We then stack the 99 predictions for all individual observations in the counterfactual sample represented by (\({\tilde{Z}},{\tilde{X}}\)) and calculate the unconditional empirical quantiles of the entire expanded sample, where the number of observations is 99 times the number of observations in the counterfactual sample. This counterfactual distribution, denoted by \(T_{Y}({\tilde{X}},{\check{\beta }},\delta ,\theta ,{\tilde{\gamma }})\), represents the counterfactual distribution of Y for the sample with characteristics \({\tilde{Z}}\), the alternative selection rule \({\tilde{\gamma }}\), the selection-corrected coefficients for the transformed model \({\check{\beta }}\), the coefficients of the selection correction terms \(\theta \), and the transformation coefficients \(\delta \).

The difference between the observed wage distribution, which is denoted by \(TO_{Y}\) representing the quantiles of Y in the selective observed sample with \(D=1\), and the counterfactual distribution \(T_{Y}({\tilde{Z}},{\check{\beta }},\delta ,\theta ,{\tilde{\gamma }})\) is given by

$$\begin{aligned} TO_{Y}-T_{Y}({\tilde{Z}},{\check{\beta }},\delta ,\theta ,{\tilde{\gamma }}) \, . \end{aligned}$$
(10)

This difference measures the total effect of selection relative to the counterfactual.
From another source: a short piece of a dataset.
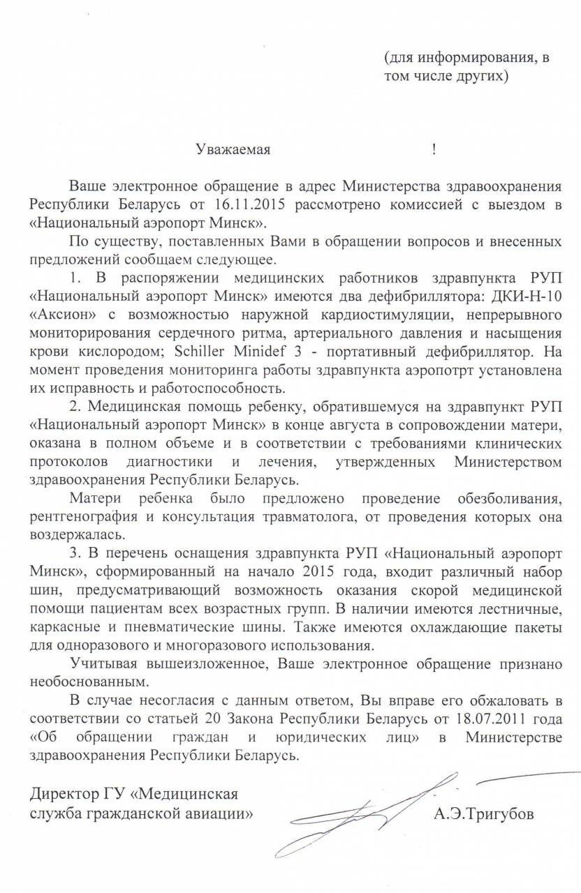 Случилось так, что моя подруга летела из Минска во Франкфурт-на-Майне в конце августа 2015 года. Из-за неправильно настроенной автоматической двери ее сын защемил в двери руку. Дверь закрылась на ребенке, когда он шел вместе с мамой, а навстречу в дверь входил мужчина. Дверь зажала руку и не выпускала. Рука мальчика распухла, образовалась большая гематома. Понятное дело, что следовало охладить поврежденное место, после зафиксировать руку. Я уже не говорю о снимке и более детальном обследовании. Никаких материалов для охлаждения в медпункте не было, а также нечем было зафиксировать руку. Был в наличии только бинт и йод.

We can now decompose the total selection effect into a component due to differences in observed characteristics driving wages, i.e., the difference between X and \({\tilde{X}}\), and a component due to differences in selection based on unobservables. To this end, we calculate the counterfactual distribution denoted by \(T_{Y}({\tilde{X}},\alpha )\) based on running linear quantile regressions using X from the observed sample of employees (without transformation) and then predicting the counterfactual distribution for the sample with \({\tilde{X}}\) using the Melly (2006) approach as described above. Here, \(\alpha \) involves the quantile regression coefficients for the observed sample.

The total selection effect in Eq. (10) can be decomposed into the effect of changes in observable characteristics

$$\begin{aligned} TO_{Y}-T_{Y}({\tilde{X}},\alpha ) \, , \end{aligned}$$
(11)

and the residual effect of selection on unobservables

$$\begin{aligned} T_{Y}({\tilde{X}},\alpha ) -T_{Y}({\tilde{Z}},{\check{\beta }},\delta ,\theta ,{\tilde{\gamma }})\, . \end{aligned}$$
(12)

We now discuss the two cases separately. The first counterfactual wage distribution which would prevail if all observed individuals in a given year, both full-time workers and unemployed, were employed and earning market wages is obtained by setting \(\theta _{\tau }\) equal to zero. Then, Eq. (10) defines the total effect of selection into work, which is decomposed into the selection effect due to observables [Eq. (11)] and the effect of selection on unobservables [Eq. (12)] when contrasting full-time workers with the total sample of full-time workers and unemployed.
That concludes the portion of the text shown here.